=== DATA EXCERPT ===
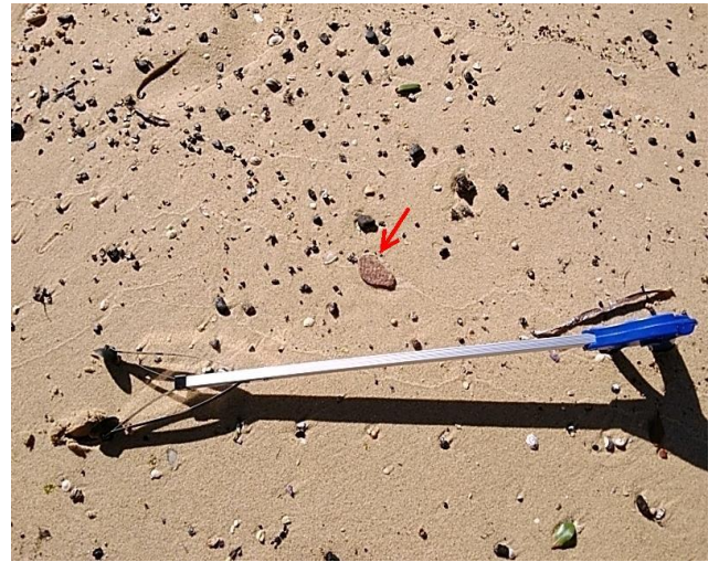
Notes: Overview of removal item within Western beach prior to removal
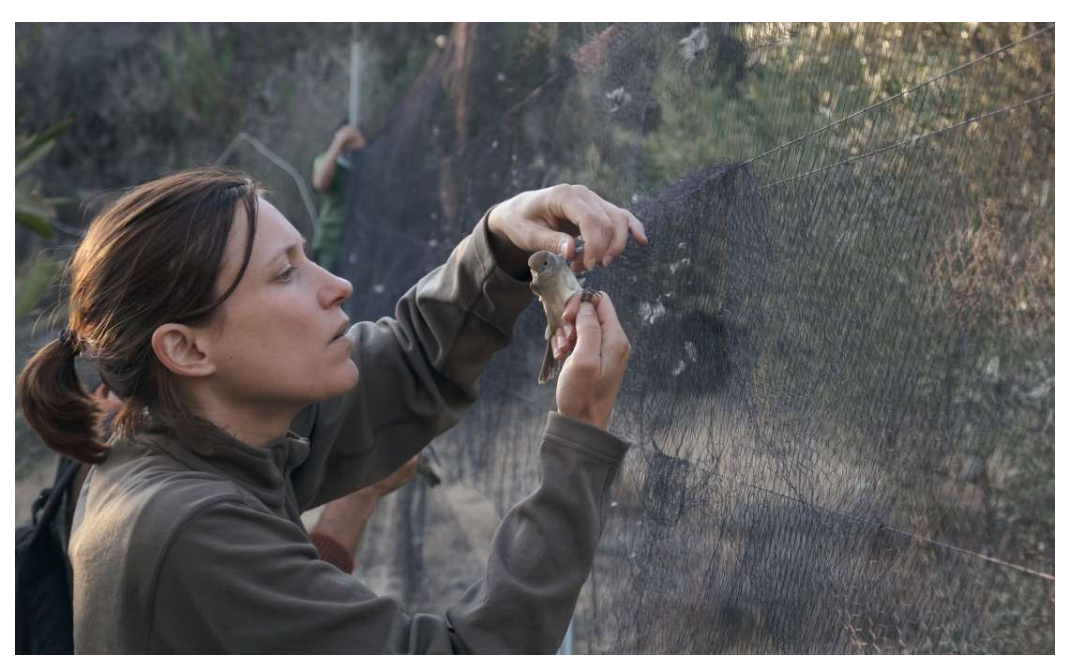
Picture 1: CABS activist rescuing bird from a net found in Kalavasos, October 2021

Every autumn since 2009, CABS & SPA organize bird protection camp in Cyprus to prevent massive slaughter of birds migrating over Cyprus. This autumn the camp started on the 6th of September and ended on the 14th of November, running for a total of 70 days and covering most of the autumn poaching season. 14 bird protection activists from 7 different countries (Germany, Great Britain, Italy, Switzerland, Slovenia, Spain and United States of America) participated at the camp. 10 volunteers already participated to previous camps in Cyprus, while 4 of them were first timers. The volunteers monitored the eastern and the southern part of Cyprus: Famagusta and Larnaca District within the Republic of Cyprus, the British Eastern Sovereign Base Areas and part of the self-proclaimed Turkish Republic of Northern Cyprus.

=== EXERCISE OBJECTIVE ===
Where a line of the data holds "from", show that line.

=== EXERCISE ANSWER ===
Picture 1: CABS activist rescuing bird from a net found in Kalavasos, October 2021
Every autumn since 2009, CABS & SPA organize bird protection camp in Cyprus to prevent massive slaughter of birds migrating over Cyprus. This autumn the camp started on the 6th of September and ended on the 14th of November, running for a total of 70 days and covering most of the autumn poaching season. 14 bird protection activists from 7 different countries (Germany, Great Britain, Italy, Switzerland, Slovenia, Spain and United States of America) participated at the camp. 10 volunteers already participated to previous camps in Cyprus, while 4 of them were first timers. The volunteers monitored the eastern and the southern part of Cyprus: Famagusta and Larnaca District within the Republic of Cyprus, the British Eastern Sovereign Base Areas and part of the self-proclaimed Turkish Republic of Northern Cyprus.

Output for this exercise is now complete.